In 4-dimensional geometry, there are 9 uniform polytopes with A4 symmetry. There is one self-dual regular form, the 5-cell with 5 vertices.



A4 symmetry, or [3,3,3] is order 120, with Conway quaternion notation +1/60[I×I].21. Its abstract structure is the symmetric group S5. Three forms with symmetric Coxeter diagrams have extended symmetry, [[3,3,3]] of order 240, and Conway notation ±1/60[I×I].2, and abstract structure S5×C2.


Each can be visualized as symmetric orthographic projections in Coxeter planes of the A4 Coxeter group, and other subgroups.

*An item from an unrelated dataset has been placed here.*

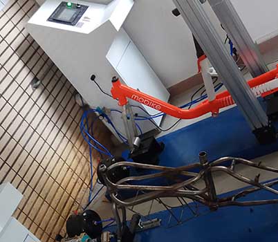 1、 试验时将车架按照标准规定的方法固定在试验机上,假示前叉的位置可以通过手动调节来适应车架的大小;
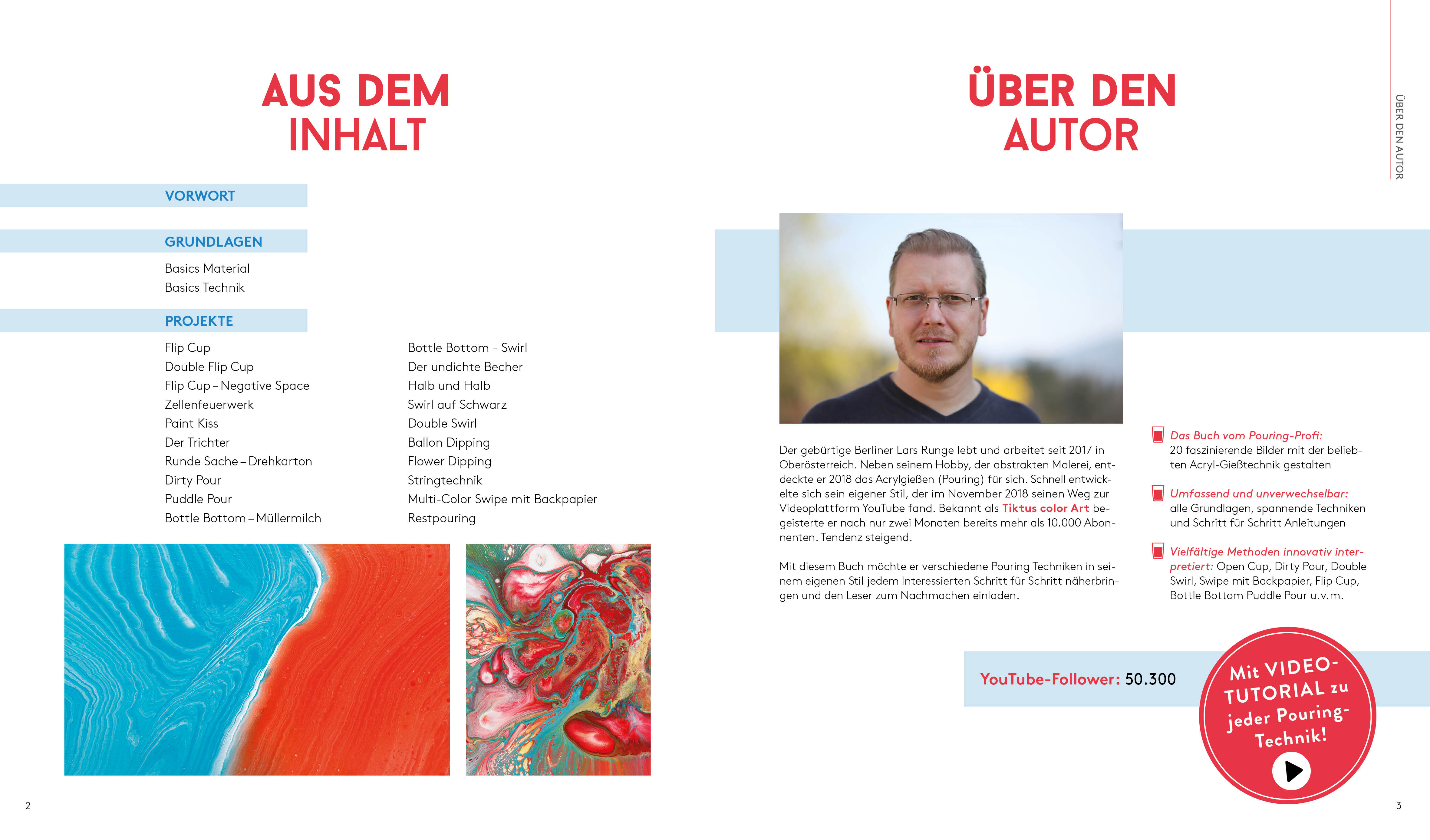 Der gebürtige Berliner Lars Runge lebt und arbeitet in Oberösterreich. Neben der abstrakten Malerei entdeckte er 2018 das Acryl gießen (Pouring) für sich. Schnell entwickelte sich sein eigener Stil, der im November 2018 seinen Weg zur Videoplattform YouTube fand. Bekannt als "Tiktus color Art" begeisterte er nach nur drei Monaten bereits mehr als 32.000 Abonnenten – Tendenz stark steigend. YouTube: https://bit.ly/2IbfjVP

Three Coxeter plane 2D projections are given, for the A4, A3, A2 Coxeter groups, showing symmetry order 5,4,3, and doubled on even Ak orders to 10,4,6 for symmetric Coxeter diagrams.

The 3D picture are drawn as Schlegel diagram projections, centered on the cell at pos. 3, with a consistent orientation, and the 5 cells at position 0 are shown solid.

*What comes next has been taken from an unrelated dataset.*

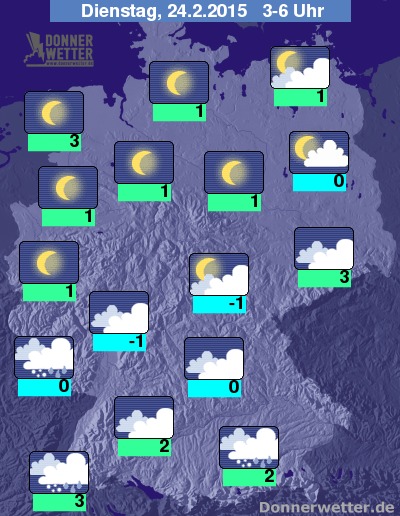 In der kommenden Nacht fällt im Süden unter meist dichten Wolken vielerorts Regen, Schneeregen oder Schnee, dabei besteht oft Glättegefahr. Besonders am Alpenrand fallen bis zu 20 cm Neuschnee. Im Norden und Westen klart der Himmel auf. In den übrigen Landesteilen ist es oft stark, teils auch aufgelockert bewölkt und dazu trocken. Die Temperatur sinkt auf 3 Grad an der Nordseeküste und bis -1 Grad am Taunus. Achtung überfrierende Nässe.

The coordinates of uniform 4-polytopes with pentachoric symmetry can be generated as permutations of simple integers in 5-space, all in hyperplanes with normal vector (1,1,1,1,1). The A4 Coxeter group is palindromic, so repeated polytopes exist in pairs of dual configurations. There are 3 symmetric positions, and 6 pairs making the total 15 permutations of one or more rings. All 15 are listed here in order of binary arithmetic for clarity of the coordinate generation from the rings in each corresponding Coxeter diagram.

The number of vertices can be deduced here from the permutations of the number of coordinates, peaking at 5 factorial for the omnitruncated form with 5 unique coordinate values.